Wednesday 5 August 2015

MOISEY GUREVITSH

MOISEY GUREVITSH (1874-November 9, 1944)
            He was born in St. Petersburg, Russia, to wealthy and observant parents.  He received a Jewish and a general education.  He graduated from high school and studied at St. Petersburg University.  In the mid-190s, he associated with the Russian social-democratic workers’ movement.  In 1892 his parents were exiled from the capital of Tsarist Russia and settled in Homel (Gomel).  He remained with his brother in St. Petersburg, but would from time to time go to Homel, and there, soon after the founding of the party, he joined the Bund.  He continued his studies, 1899-1901, in Berlin.  After receiving his doctoral degree, he returned to Russia, and worked in Vilna as a representative of the central committee of the Bund.  For a time he edited the underground Bundist newspaper Der klassen-kampf (Der klasn-kamf, The class struggle) in Vilna in 1902.  He played a leading role in the events surrounding the Hirsh Lekert case, as well as in combatting “police socialism” under Zubatov’s Tsarist police among the Jewish workers.  He was a delegate to the fifth conference of the Bund in Berdichev.  He spent 1903-1905 in prison, had a trial, and his speech at his trial left a profound impression.  He was sentenced to five years in the fortress, but before the appeals process started, he escaped abroad.  He worked for a time in Geneva for the foreign committee of the Bund and was sent in December 1905 as a Bundist envoy to the United States.  In New York, he took a leadership position among the Bundist groups.  He was active as well in the American socialist movement and in Workmen’s Circle.  He was also a publisher of Jewish and general socialist books and the author of appeals and brochures, in Yiddish and Russian, published by the Bund—among them: An entfer dem vilner gubernator fon val un hirshke lekert un zayn protses (A reply to the Vilna governor, [Victor] von Wahl, and Hirshke Lekert and his trial); Di koshere arbayter bavegung (The legitimate workers’ movement), initially published in Der arbayter shtime (The voice of labor), no. 28.  He contributed to the Forverts (Forward), Naye tsayt (New times), and Tsukunft (Future)—all in New York; Folkstsaytung (People’s newspaper) in Vilna; and others.  He died in New York.


Sources: Ab.
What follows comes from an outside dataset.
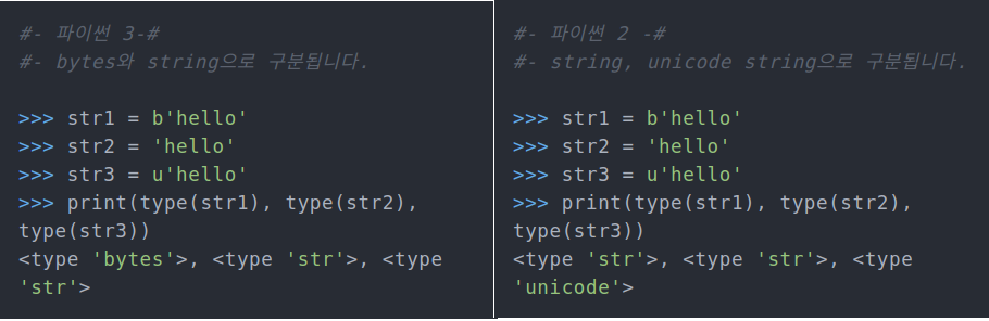 - 파이썬 3부터는 문자열은 다른작업 없이 유니코드의 인코딩 or 디코딩 여부만 판단하면된다.
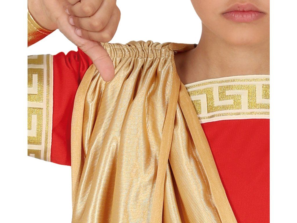 Kostium rzymski dla chłopców to idealny wybór dla małych poszukiwaczy przygód, którzy chcą przenieść się w czasie do starożytnego Rzymu. Kostium zawiera czerwoną sukienkę z typowymi rzymskimi elementami, takimi jak ozdobne złote wykończenia i detale przypominające styl wojskowy lub cesarski. Kostium nadaje się na karnawał, uroczystości tematyczne lub przedstawienia szkolne.

Kahan, Bleter fun mayn lebn (Pages from my life) (New York, 1928), vol. 4, p. 430; F. Kurski, in Unzer tsayt (New York) (December 1944; June 1945); John Mill, Pyonern un boyer (Pioneers and builders) (New York, 1949), vol. 2, p. 45; Y. Sh. Herts, Hirsh lekert (Hirsh Lekert) (New York, 1952), pp. 97, 109; Herts, Di yidishe sotsyalistishe bavegung in amerike (The Jewish socialist movement in America) (New York, 1954), pp. 113, 125, 126; Herts, ed., Doyres bundistn (Generations of Bundists), vol. 1 (New York, 1956), pp. 269-73.